И хотя Тарас Игнатович и Прасковья Даниловна считали, что Тимошу еще рано выходить на завод, и фельдшер еще его «не выписывал», старики не стали возражать: речь шла о важном, пусть сам решает.

Как в дни юности, вновь Тимош вышел на работу вместе с батьком, и соседи, встречая их, приветствовали с уважением:

— Здоров, Тарас! Здоров, Тимошка!

И так же, как и в дни юности, Тимош делился с отцом своими думами о работе — вот, мол, за все годы войны, ничему не научился на заводе, не знает, как подойти к токарному, да и своего штамповального дела толком не освоил. Ни мало-мальски сложного штампа не сможет изготовить, подогнать, ни станка по-настоящему не наладит.

В тот день Тимошу работать не довелось, штамповальный стоял — освобождали место для токарных станков, для нового производства. Снова приходилось привыкать и переучиваться в условиях разрухи, развала, когда и старым, умелым токарям исправных станков недоставало.

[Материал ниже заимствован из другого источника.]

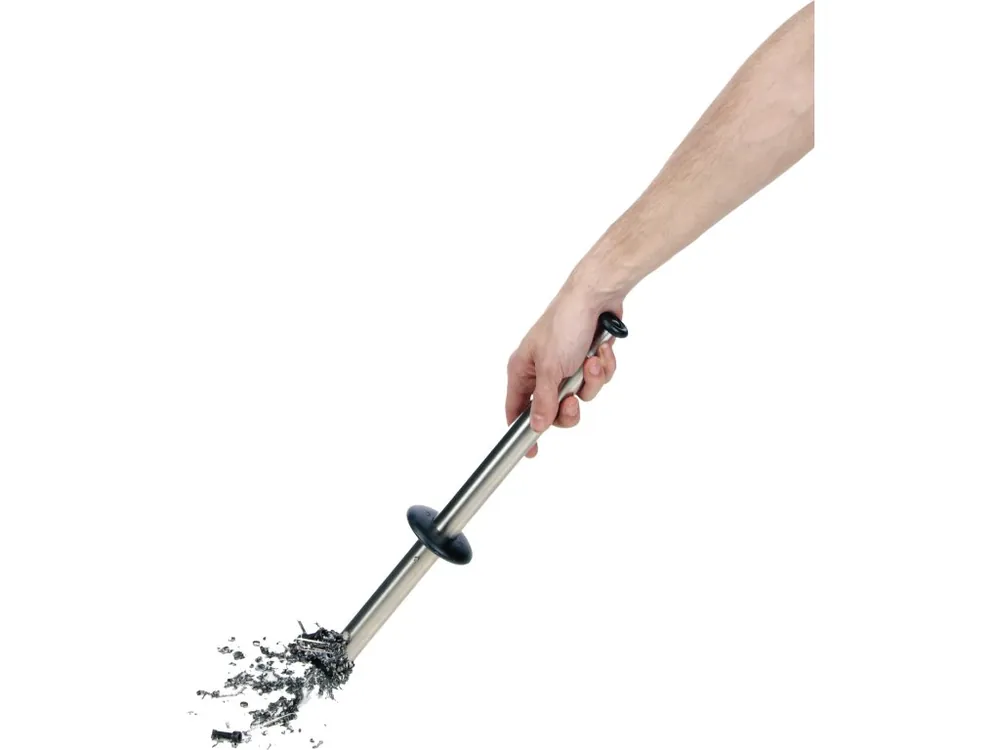 Modalitate uşoară şi simplă de îndepărtare a deşeului de oţel din spaţiul de lucru a maşinii de prelucrat. Utilizarea acestei ustensile este mai rapidă şi mai sigură decât cârligul pentru aşchii. Este îndeajuns apropierea în spaţiu şi toate aşchiile de oţel se prind de bară. După ducerea în vasul de selectare a deşeurilor, prin tragerea mânerului se poate elimina efectul magnetului permanent şi particulele prinse se desprind. Se poate folosi şi la separarea oţelului de alte metale în în materii prime selectate, în condiţiile atelierului. Lungime 405 mm.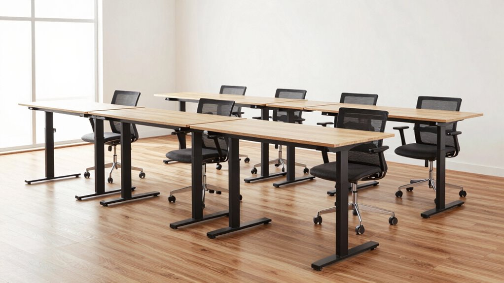 Choosing the right adjustable height range for a 60-inch electric standing desk is essential because it directly affects your comfort and usability. A wider height range, like 27 to 48 inches, offers flexibility for different tasks and user heights. This ensures you can sit comfortably at lower settings and stand tall without strain at higher ones. It’s important to select a desk whose minimum height suits seated work, especially if you spend a lot of time sitting. Conversely, the maximum height should be comfortable for taller users and provide enough clearance for ergonomic standing. Matching the height range to your specific height and workspace setup helps promote healthier movement habits and reduces discomfort. Ultimately, an appropriate height range makes your workspace adaptable and more functional.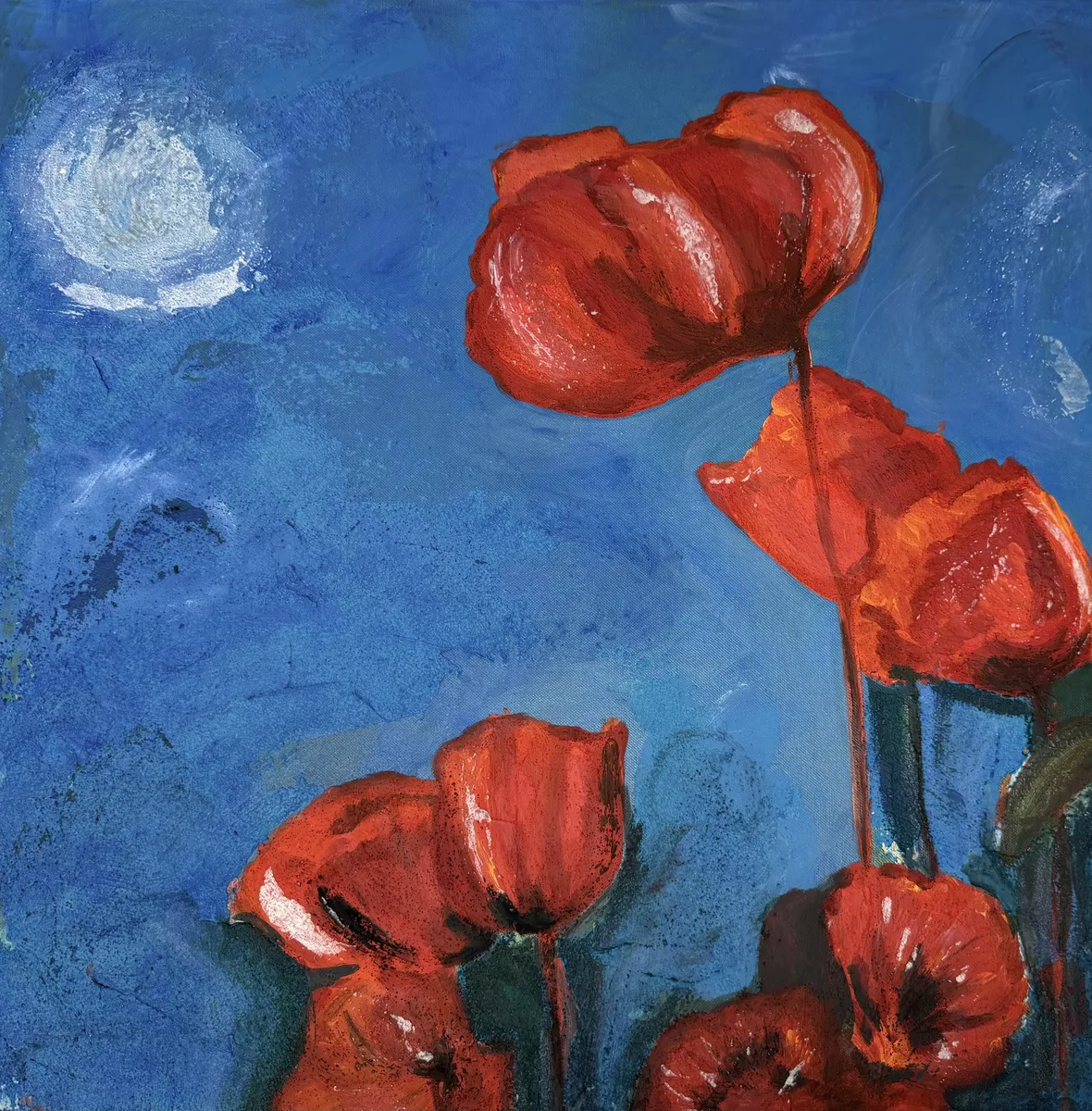 ErstellungsdatumDieses ausdrucksstarke Acrylbild, gemalt von einer Schweizer Künstlerin, zeigt prächtige Mohnblumen in kräftigen Rot- und Orangetönen auf einem strukturierten blauen Hintergrund. Die leuchtenden Blüten bilden einen wunderschönen Kontrast zum tiefen Blau und schaffen eine faszinierende Farbharmonie, die an helle Mondnächte erinnert. Die expressive Malweise mit sichtbaren Pinselstrichen und die strukturierte Oberfläche verleihen dem Werk eine besondere Lebendigkeit und Tiefe. Die kräftige Farbgebung und die dynamische Komposition ziehen den Blick sofort an und bringen Energie und Wärme in jeden Raum. Die Mohnblumen mit ihren charakteristischen Formen und die warmen Rottöne strahlen Lebensfreude und natürliche Schönheit aus. Der strukturierte blaue Hintergrund verstärkt die Leuchtkraft der Blüten zusätzlich. Ideal für Wohnzimmer, Schlafzimmer, Büro, Praxis oder als besonderes Geschenk für Blumen- und Kunstliebhaber. Einzigartiges, handgemachtes Kunstwerk aus der Schweiz.

Едва Тимош появился в цеху, кто-то окликнул его:

— Руденко, в партийный комитет, к товарищу Кудю.

Семен Кузьмич побранил его за то, что вышел на завод раньше срока, но тут же прибавил:

— А раз вышел — держись! Теперь не отпустим. Приходи на левадку — товарищ Павел вызывает. Коваль там будет и я подойду. Растяжного кой о чем спросить надобно.

Всю дорогу Тимош думал о том, как встретится с Ковалем, а теперь размолвка с товарищем показалась такой незначительной, что и вспоминать не хотелось.

Проходя через цех в обеденный перерыв, Тимош слышал, как Василий Лунь схватился с Кувалдиным:

— Ты чул, Савельич, Брешко-Брешковскую на паровозном встречали? — наседал Кувалдин.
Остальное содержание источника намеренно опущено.